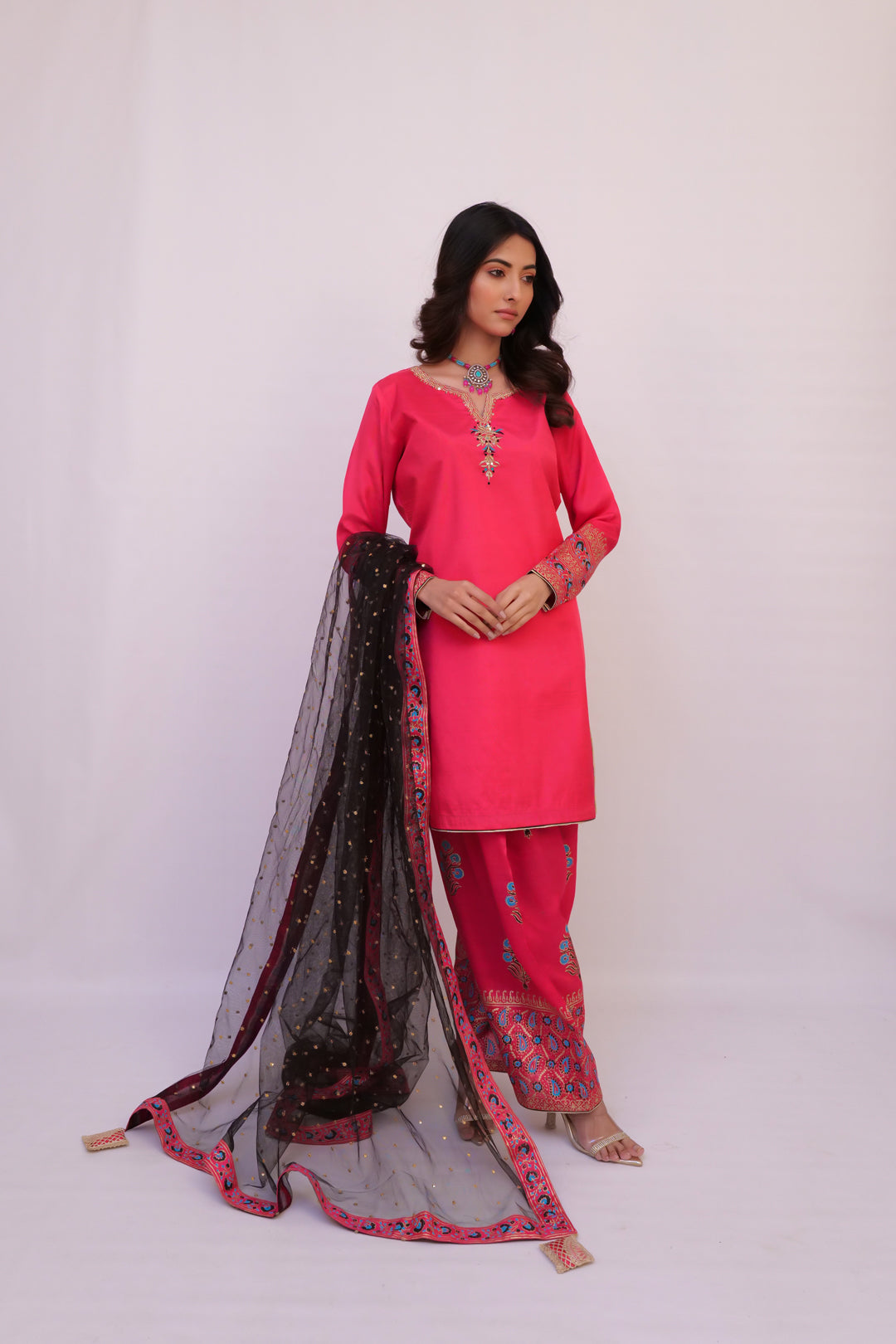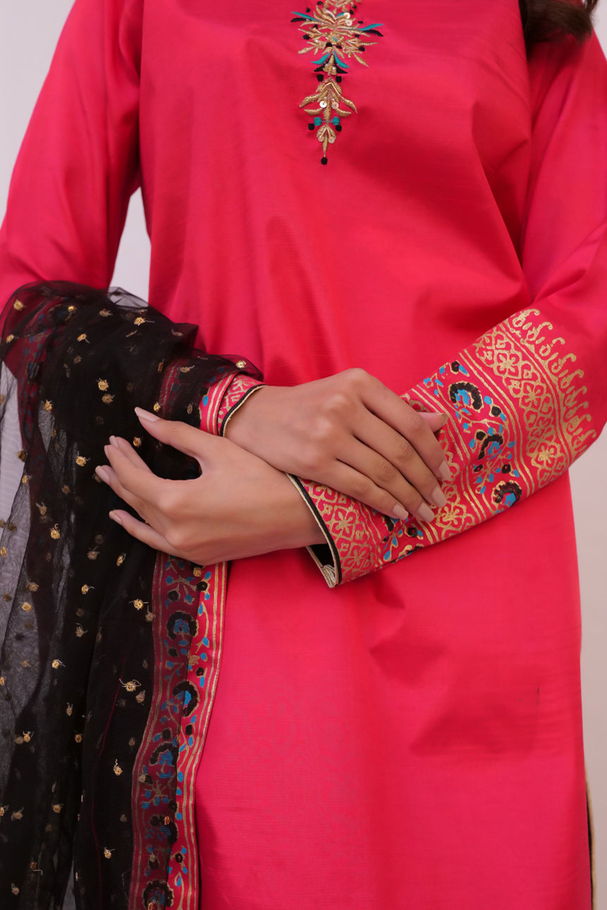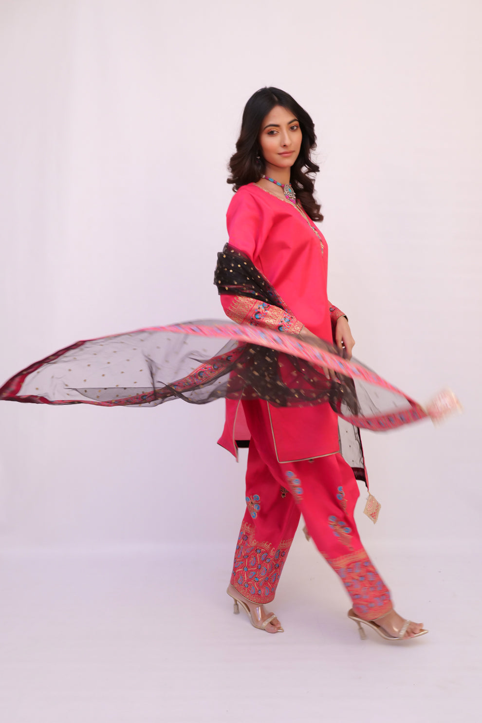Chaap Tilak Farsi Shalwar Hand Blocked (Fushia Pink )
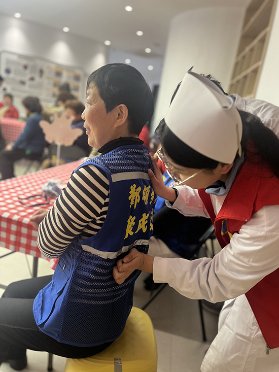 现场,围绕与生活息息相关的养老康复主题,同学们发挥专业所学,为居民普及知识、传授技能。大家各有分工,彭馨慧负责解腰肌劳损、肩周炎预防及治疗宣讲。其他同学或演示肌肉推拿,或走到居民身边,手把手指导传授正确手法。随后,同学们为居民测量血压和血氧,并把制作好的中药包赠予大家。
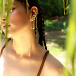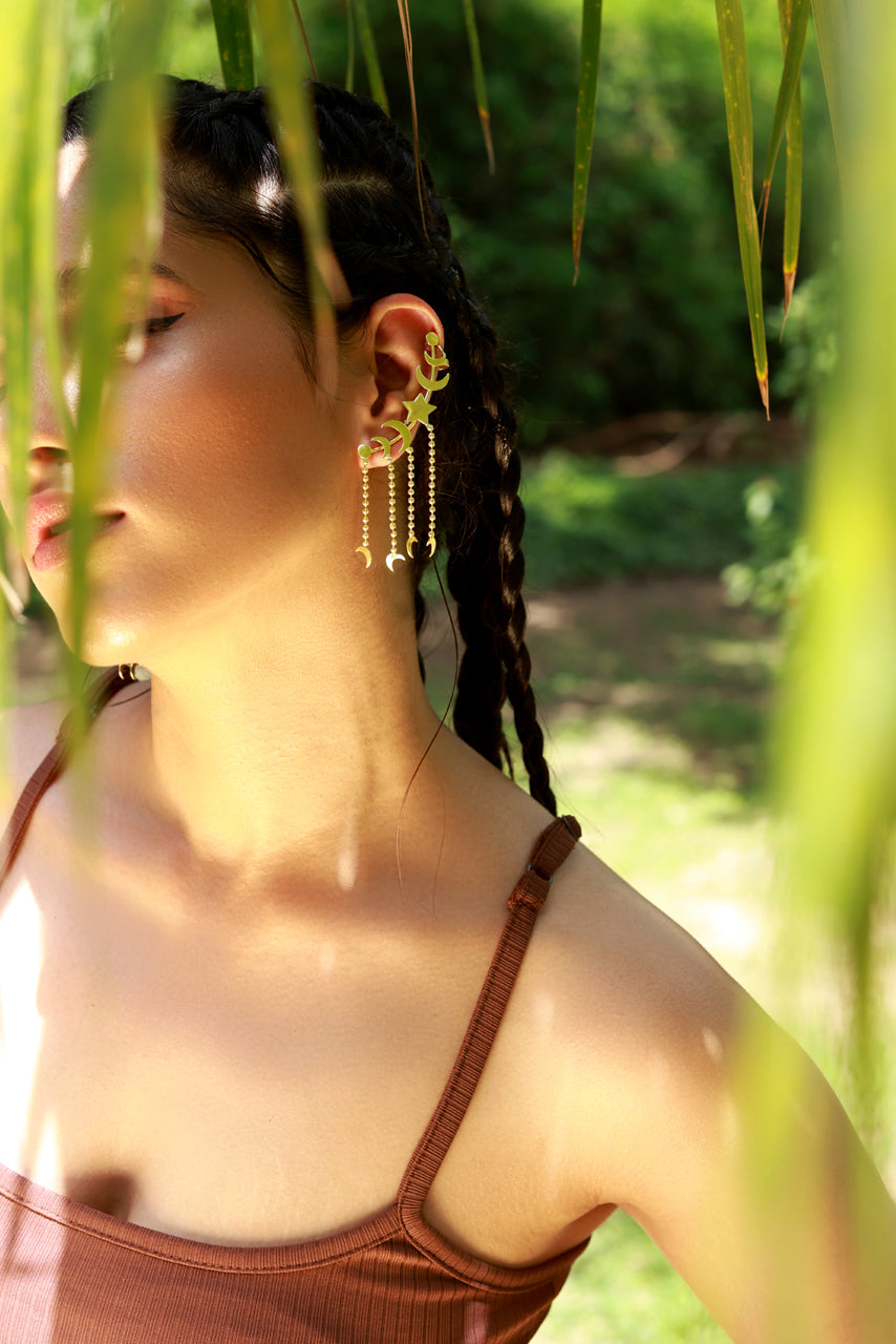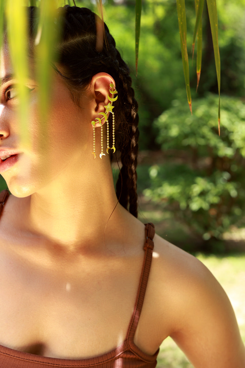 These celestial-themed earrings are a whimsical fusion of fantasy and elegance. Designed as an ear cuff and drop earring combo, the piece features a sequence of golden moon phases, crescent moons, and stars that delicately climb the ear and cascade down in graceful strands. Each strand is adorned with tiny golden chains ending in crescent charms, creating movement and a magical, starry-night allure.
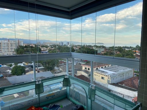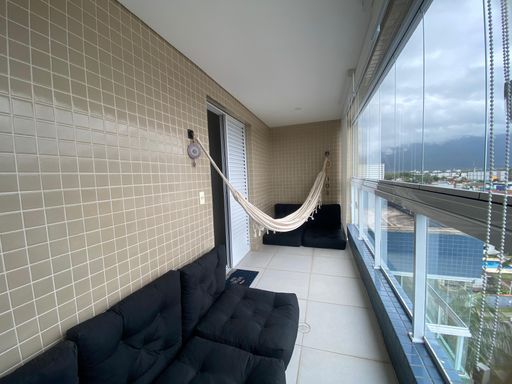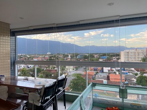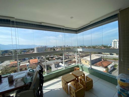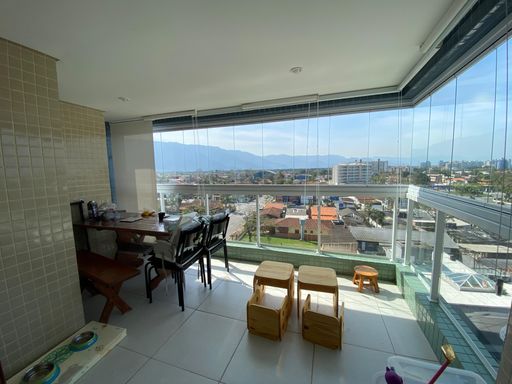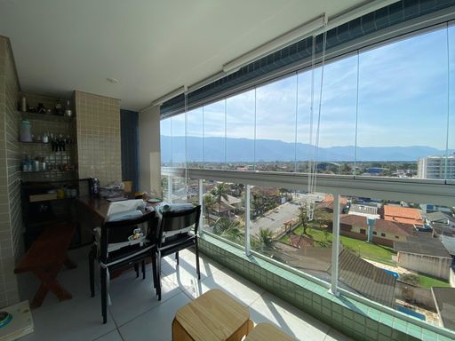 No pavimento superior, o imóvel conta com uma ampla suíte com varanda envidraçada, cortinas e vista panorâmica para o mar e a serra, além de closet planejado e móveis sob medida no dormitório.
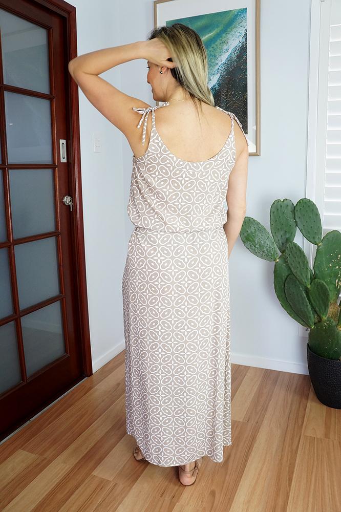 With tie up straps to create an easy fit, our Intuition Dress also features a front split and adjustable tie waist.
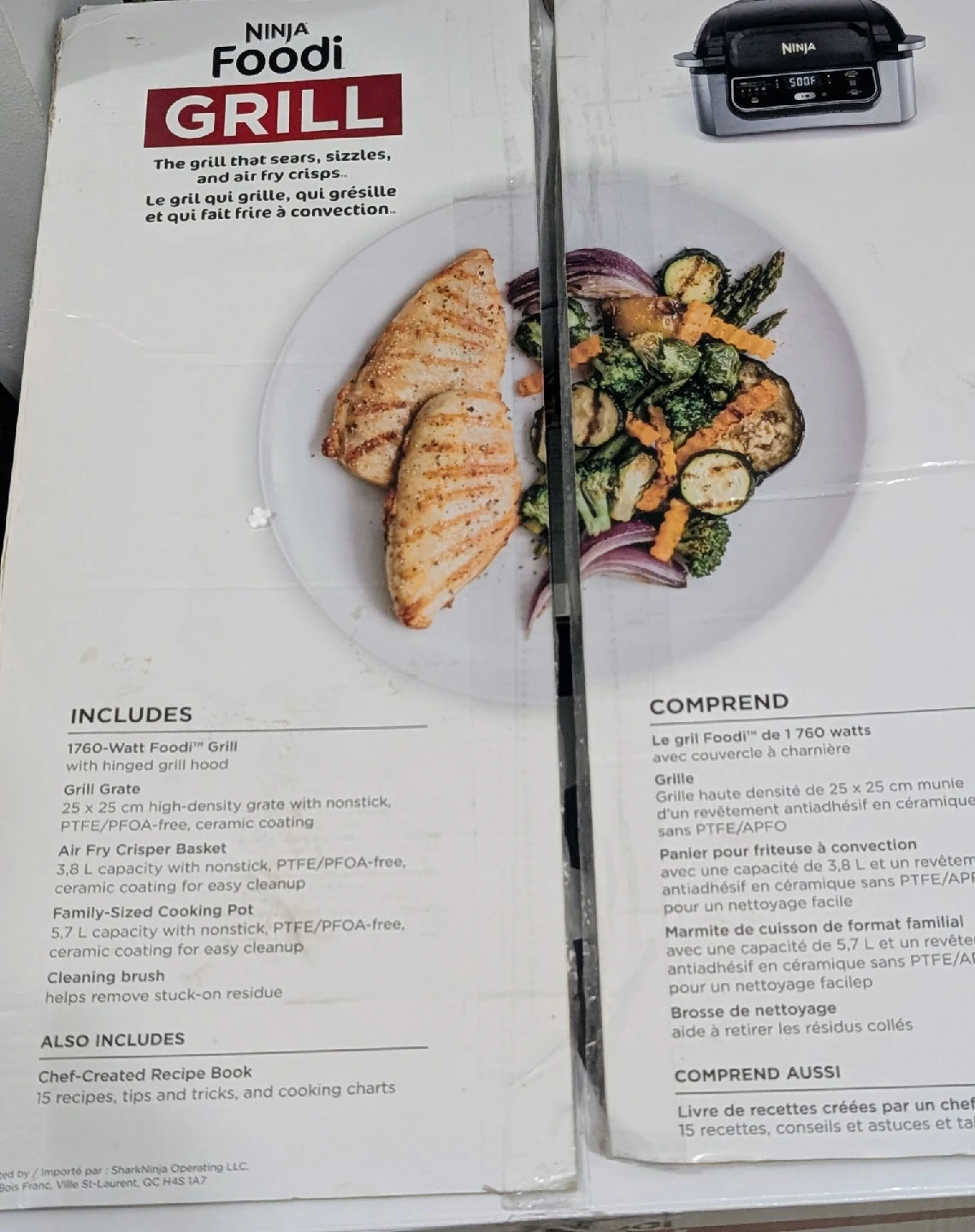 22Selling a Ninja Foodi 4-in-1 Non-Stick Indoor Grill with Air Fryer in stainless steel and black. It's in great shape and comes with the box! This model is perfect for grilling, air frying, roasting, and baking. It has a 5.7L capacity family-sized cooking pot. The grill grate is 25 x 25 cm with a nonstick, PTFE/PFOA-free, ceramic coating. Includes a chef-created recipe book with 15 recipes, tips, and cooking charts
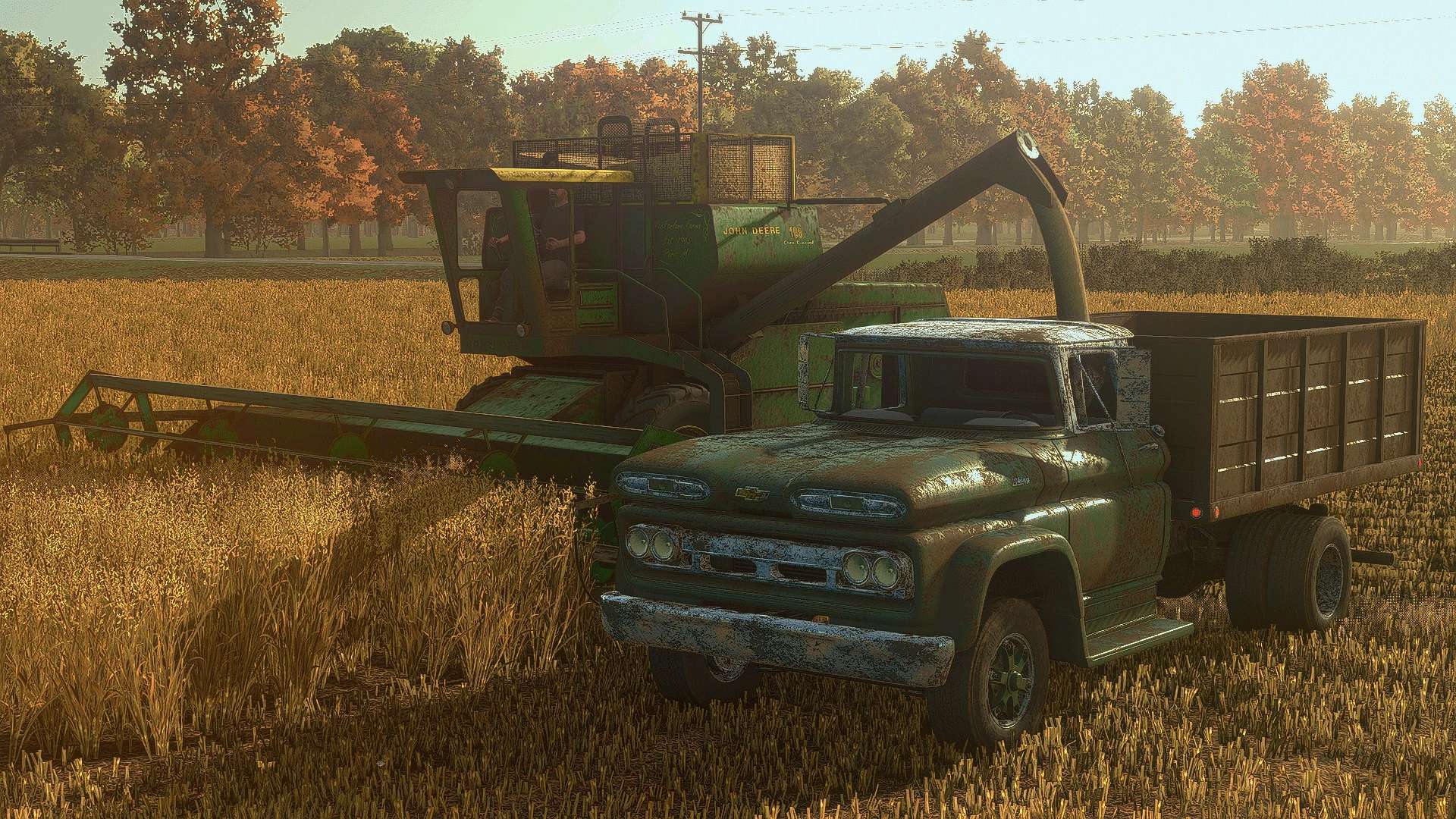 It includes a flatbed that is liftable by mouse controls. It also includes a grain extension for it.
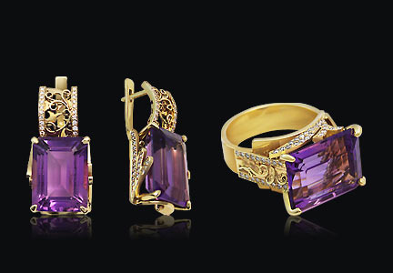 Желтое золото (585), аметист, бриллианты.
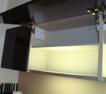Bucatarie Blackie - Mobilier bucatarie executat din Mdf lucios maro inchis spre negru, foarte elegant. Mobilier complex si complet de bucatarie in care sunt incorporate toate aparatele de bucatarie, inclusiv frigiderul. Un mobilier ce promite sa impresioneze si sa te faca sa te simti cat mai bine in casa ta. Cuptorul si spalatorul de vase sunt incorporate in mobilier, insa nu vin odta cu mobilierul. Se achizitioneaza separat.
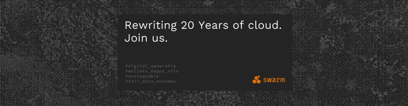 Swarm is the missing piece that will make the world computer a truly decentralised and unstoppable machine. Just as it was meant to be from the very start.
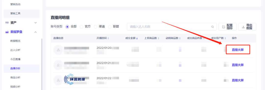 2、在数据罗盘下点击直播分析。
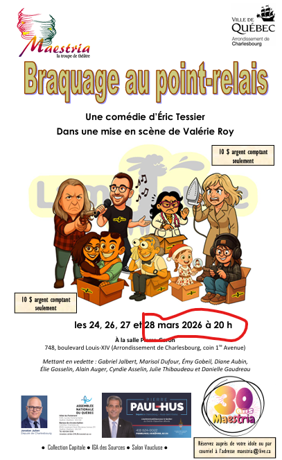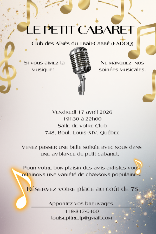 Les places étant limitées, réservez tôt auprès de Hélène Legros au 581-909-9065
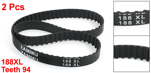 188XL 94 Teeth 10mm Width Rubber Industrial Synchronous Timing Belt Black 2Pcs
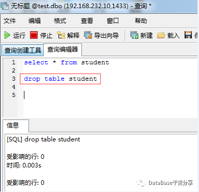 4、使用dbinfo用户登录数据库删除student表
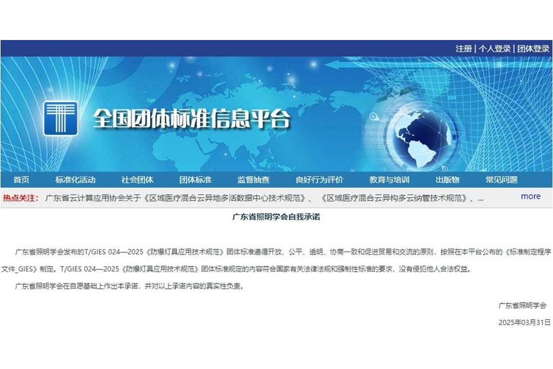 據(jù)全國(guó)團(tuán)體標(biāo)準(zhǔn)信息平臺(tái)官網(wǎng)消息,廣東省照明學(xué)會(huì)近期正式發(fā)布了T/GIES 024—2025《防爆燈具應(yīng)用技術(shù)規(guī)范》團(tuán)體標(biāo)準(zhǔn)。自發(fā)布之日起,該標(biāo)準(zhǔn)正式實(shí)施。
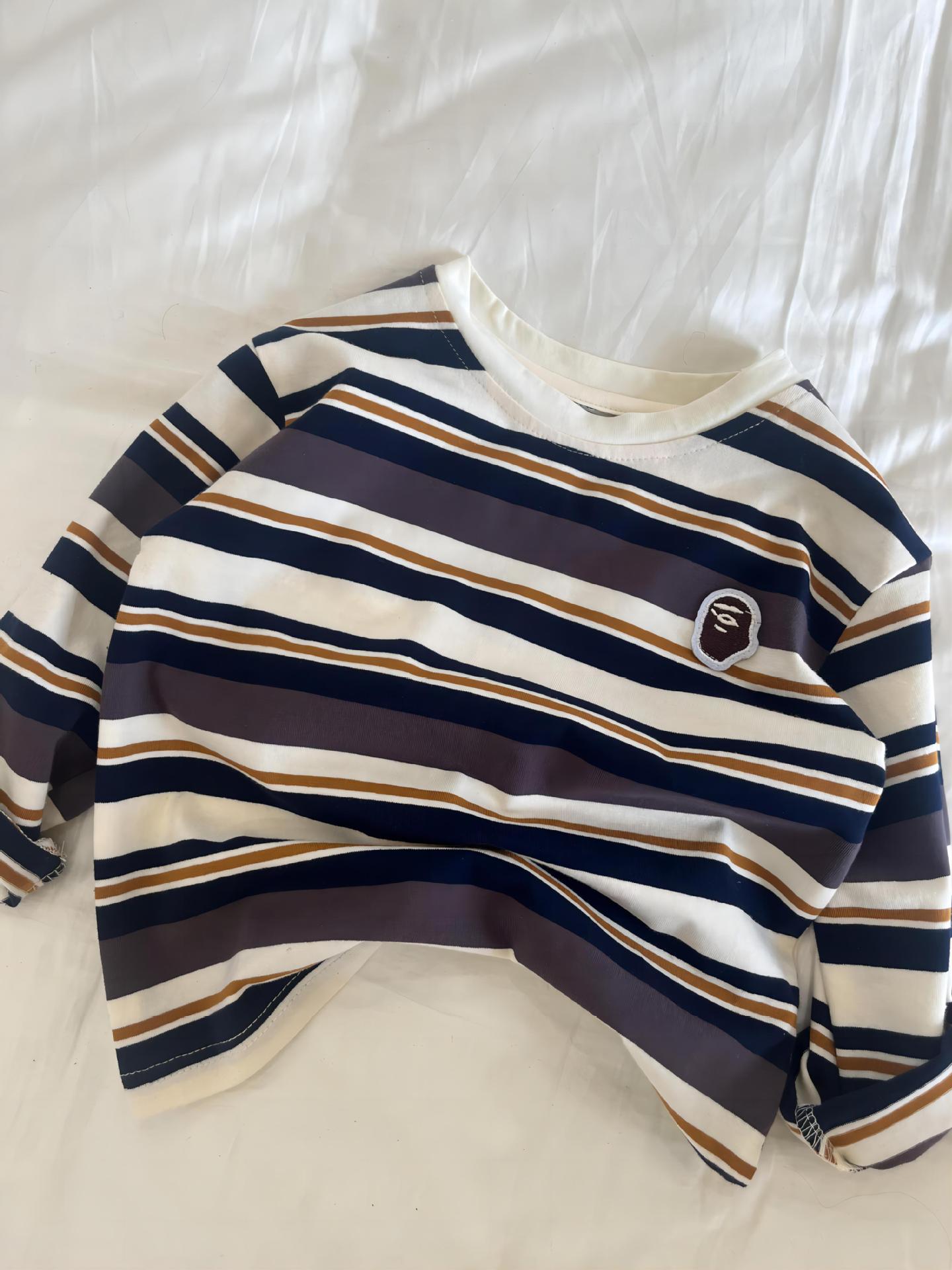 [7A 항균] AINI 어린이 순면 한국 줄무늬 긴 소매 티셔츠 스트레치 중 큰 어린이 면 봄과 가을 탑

:: ACTIVITY ::
Leaving out all pictures, set down exactly the lines of the material above, from the line with "With tie up" to the line with "Желтое золото (585), аметист, бриллианты." inclusive, and no others.

:: REPLY ::
 With tie up straps to create an easy fit, our Intuition Dress also features a front split and adjustable tie waist.
 22Selling a Ninja Foodi 4-in-1 Non-Stick Indoor Grill with Air Fryer in stainless steel and black. It's in great shape and comes with the box! This model is perfect for grilling, air frying, roasting, and baking. It has a 5.7L capacity family-sized cooking pot. The grill grate is 25 x 25 cm with a nonstick, PTFE/PFOA-free, ceramic coating. Includes a chef-created recipe book with 15 recipes, tips, and cooking charts
 It includes a flatbed that is liftable by mouse controls. It also includes a grain extension for it.
 Желтое золото (585), аметист, бриллианты.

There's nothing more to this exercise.